Mariela Castro, by virtue of her name and her work for the rights of gay, lesbian, bisexual and transgender Cubans, has become a spokeswoman in Cuba and internationally: a voice of the new, post-revolution generation. It is Mariela Castro who said recently that Cuba would never become a capitalist nation; it is Mariela Castro who cast the only “no” vote in the Cuban parliament against a workers’ rights bill she felt didn’t go far enough to prevent discrimination against L.G.B.T. people and victims of HIV. And it is Mariela Castro who, with her father’s ear and as the head of the Center for Sex Education, has been championing gay rights in a country with a history of persecuting homosexuals. She has succeeded in ways unthinkable not long ago, recently sponsoring a blessing ceremony for gay couples on an island where same-sex marriage is illegal.

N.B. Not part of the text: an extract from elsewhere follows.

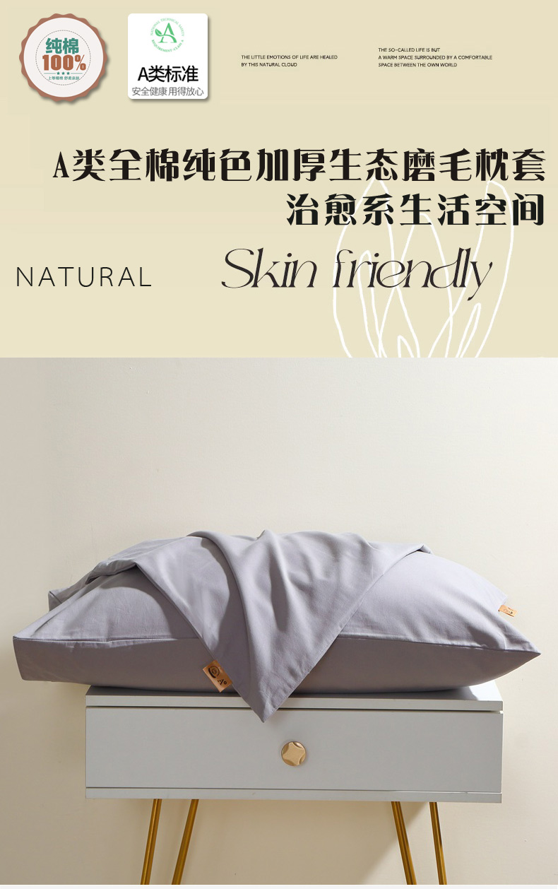 商品名称:晶缦家纺 2025新款100%纯棉13376纯色喷气全棉磨毛四件套和单品被套床单床笠枕套-单枕套 暖芸馨-浅青灰

Other potential leaders include Yoani Sanchez, 39, the ingenious dissident who created an online persona as a critic of the Castro government with her blog Generation Y. Sanchez has carried her pro-democracy message around the world, lecturing at places like Columbia and Georgetown universities.

And there’s the increasingly familiar face of Josefina Vidal Ferreiro, 53, the head of the Cuban Foreign Ministry’s North America division, an “Americanist” long familiar with the United States, who speaks fluent English and is the leading negotiator in the current Havana-Washington talks. On the U.S. side of the table is Roberta S. Jacobson, 59, a Latin America specialist and Assistant Secretary of State for the Western Hemisphere recently nominated by President Obama as the new ambassador to Mexico.

As U.S.-Cuba relations enter a new era, it hasn’t gone unnoticed that Havana and Washington chose women to lead the most crucial and public negotiations in more than 50 years between the two countries.